====== Data section

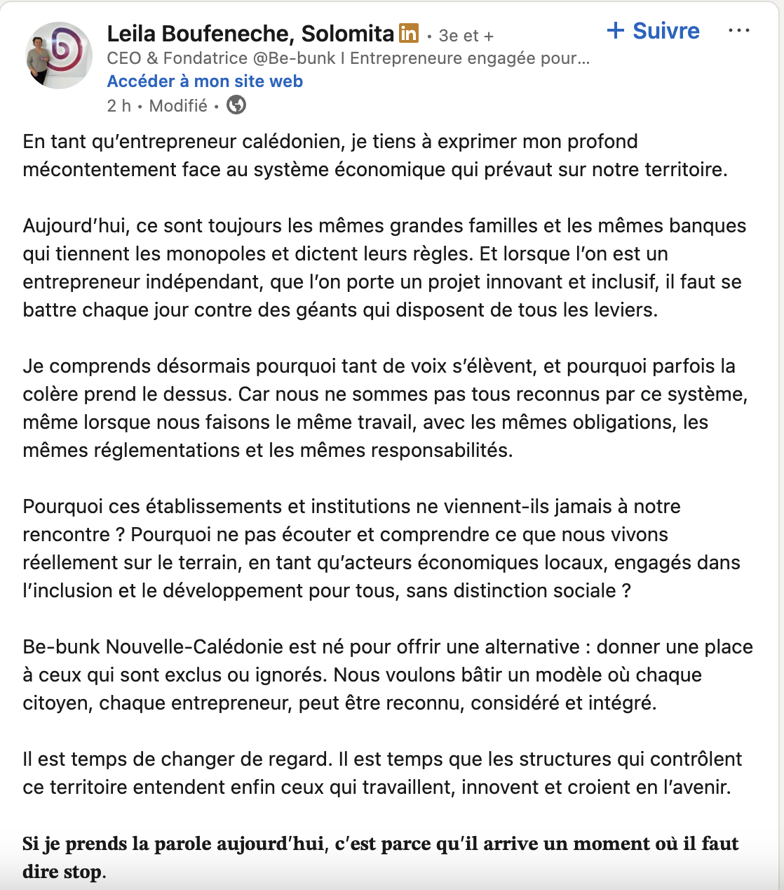 Mais dans l’opinion publique, le message suscite des interrogations. Le nom Boufeneche est depuis longtemps associé à une présence dans plusieurs secteurs stratégiques de l’économie calédonienne. Dès lors, certains se demandent si la critique ne sonne pas comme une remise en cause d’un système dont on fait soi-même partie. Ce paradoxe brouille parfois le message. Pour certains, cela fragilise la posture de victime ; pour d’autres, au contraire, cela démontre que même des héritiers du système finissent par dénoncer ses dérives.
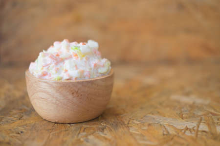 Fresh vegetable salad with carrot, onion and mayonnaise closeup
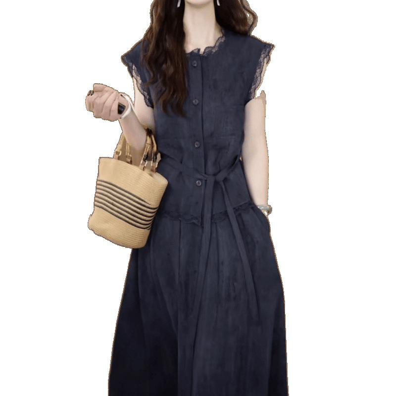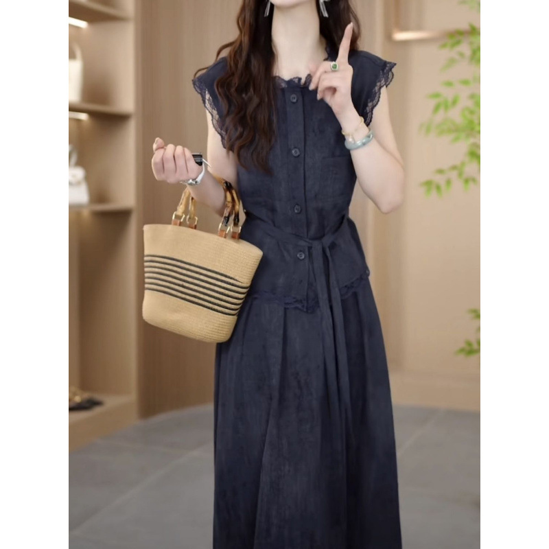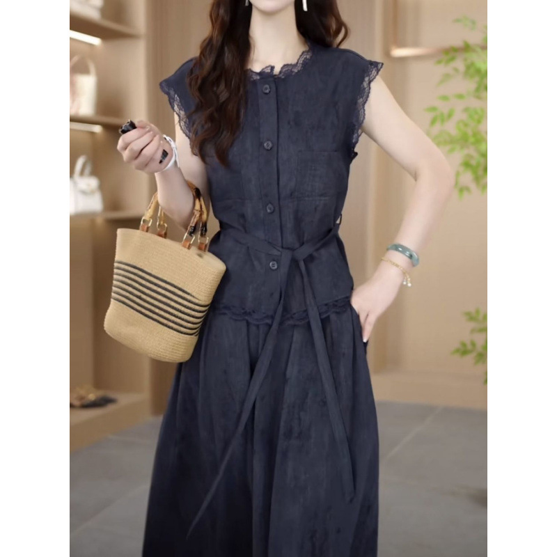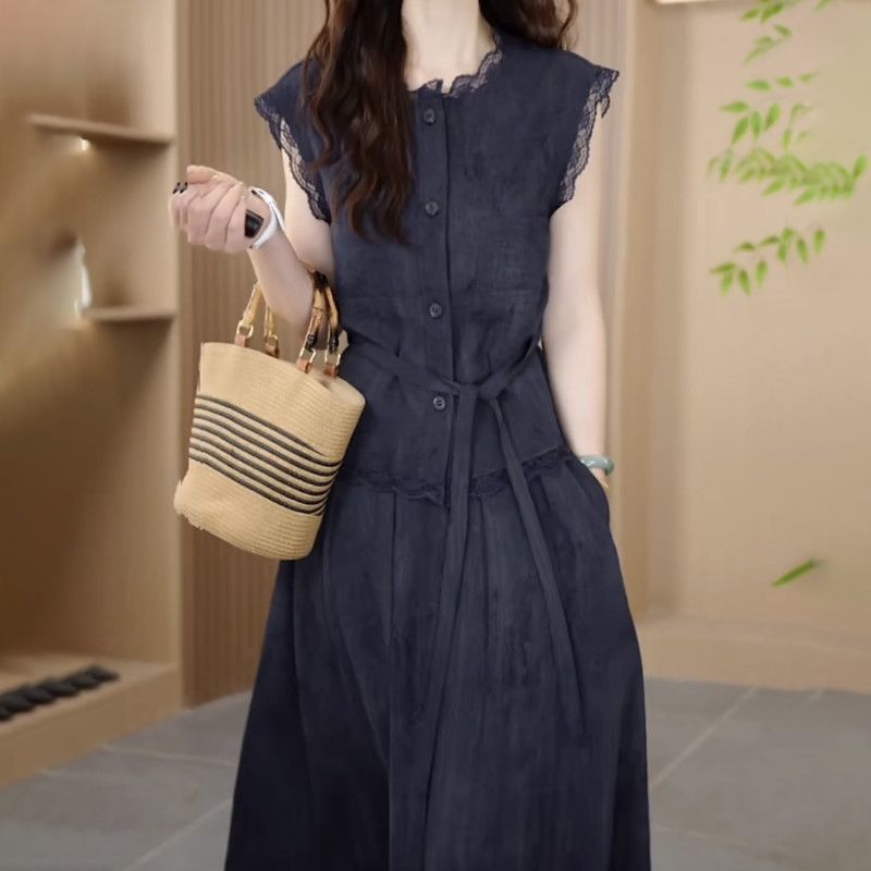 Двухслойное платье из шифона с эффектом льда для женщин, скрывающее живот, летняя новинка 2025 года, модный костюм с юбкой для стройнящего эффекта, большие размеры.
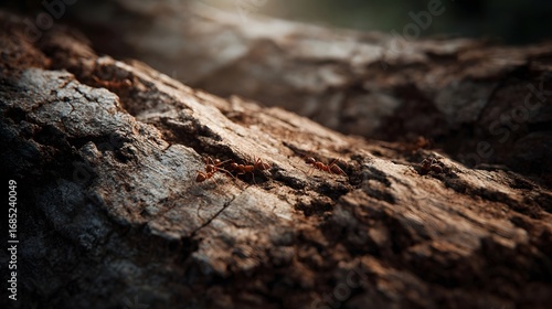A detailed close up of a tree trunk s rugged bark highlighted by diffused sunlight as a colony of small red ants actively navigates its intricate
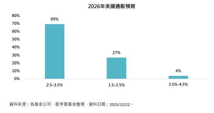 值得注意的是,基金公司對 2026 年通膨的答案高度集中在 2.5–3.5%(18 家,約 69%), 其次才是 1.5–2.5%(7 家,約 27%)。這樣的分布不只是「通膨會不會降」的問題,更像在 透露一個更深層的共識:市場對美國通膨的想像,可能正在從疫情前的低通膨框架,移向「2.5 3.5% 成為較常態、且經濟可運作的區間」。
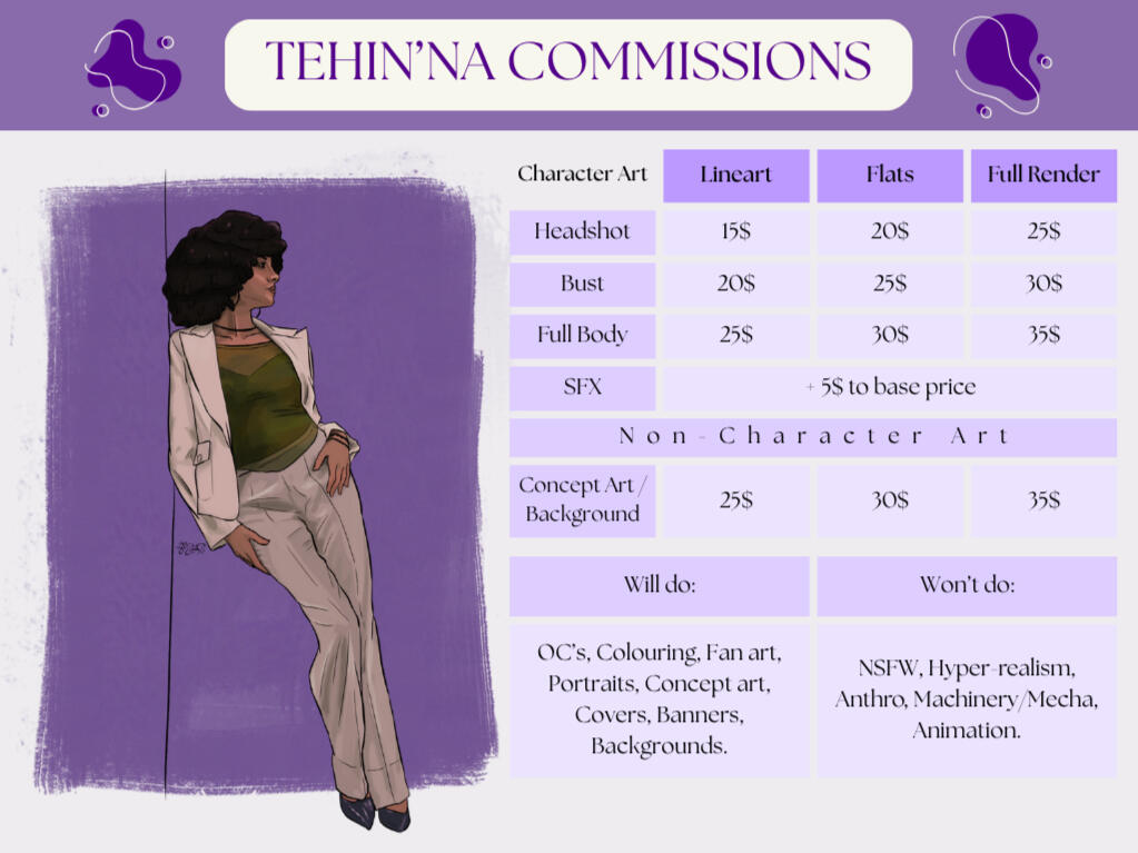 I'm Tehin'na, a freelance digital artist looking to earn money doing what they love.
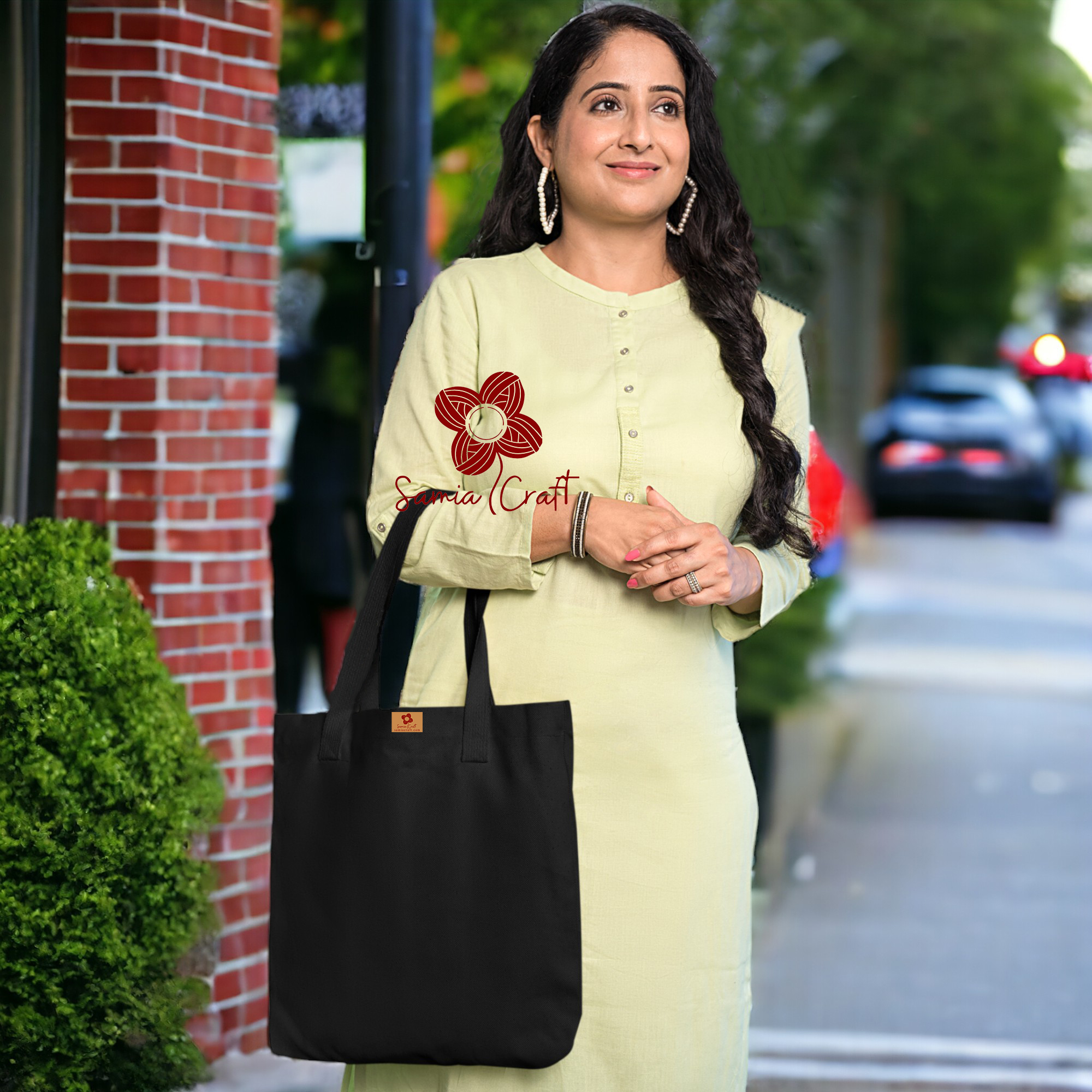 Discover the Trendy Canvas Tote Bag with Zipper by Samia Craft—a stylish, practical, and eco-friendly choice for the modern woman. Perfectly designed for university, college, and everyday use, this tote bag is crafted from 100% organic cotton canvas fabric, ensuring durability while promoting sustainable living. The bag's large capacity of 14 inches in height and 13 inches in width, paired with a 24-inch long handle, makes it ideal for carrying essentials like laptops, books, and more, whether you're heading to class, the office, or a day out shopping.

============

Exercise brief
Transcribe every entry above exactly as it stands, but skip the images.

Response for this exercise
 Mais dans l’opinion publique, le message suscite des interrogations. Le nom Boufeneche est depuis longtemps associé à une présence dans plusieurs secteurs stratégiques de l’économie calédonienne. Dès lors, certains se demandent si la critique ne sonne pas comme une remise en cause d’un système dont on fait soi-même partie. Ce paradoxe brouille parfois le message. Pour certains, cela fragilise la posture de victime ; pour d’autres, au contraire, cela démontre que même des héritiers du système finissent par dénoncer ses dérives.
 Fresh vegetable salad with carrot, onion and mayonnaise closeup
 Двухслойное платье из шифона с эффектом льда для женщин, скрывающее живот, летняя новинка 2025 года, модный костюм с юбкой для стройнящего эффекта, большие размеры.
A detailed close up of a tree trunk s rugged bark highlighted by diffused sunlight as a colony of small red ants actively navigates its intricate
 值得注意的是,基金公司對 2026 年通膨的答案高度集中在 2.5–3.5%(18 家,約 69%), 其次才是 1.5–2.5%(7 家,約 27%)。這樣的分布不只是「通膨會不會降」的問題,更像在 透露一個更深層的共識:市場對美國通膨的想像,可能正在從疫情前的低通膨框架,移向「2.5 3.5% 成為較常態、且經濟可運作的區間」。
 I'm Tehin'na, a freelance digital artist looking to earn money doing what they love.
 Discover the Trendy Canvas Tote Bag with Zipper by Samia Craft—a stylish, practical, and eco-friendly choice for the modern woman. Perfectly designed for university, college, and everyday use, this tote bag is crafted from 100% organic cotton canvas fabric, ensuring durability while promoting sustainable living. The bag's large capacity of 14 inches in height and 13 inches in width, paired with a 24-inch long handle, makes it ideal for carrying essentials like laptops, books, and more, whether you're heading to class, the office, or a day out shopping.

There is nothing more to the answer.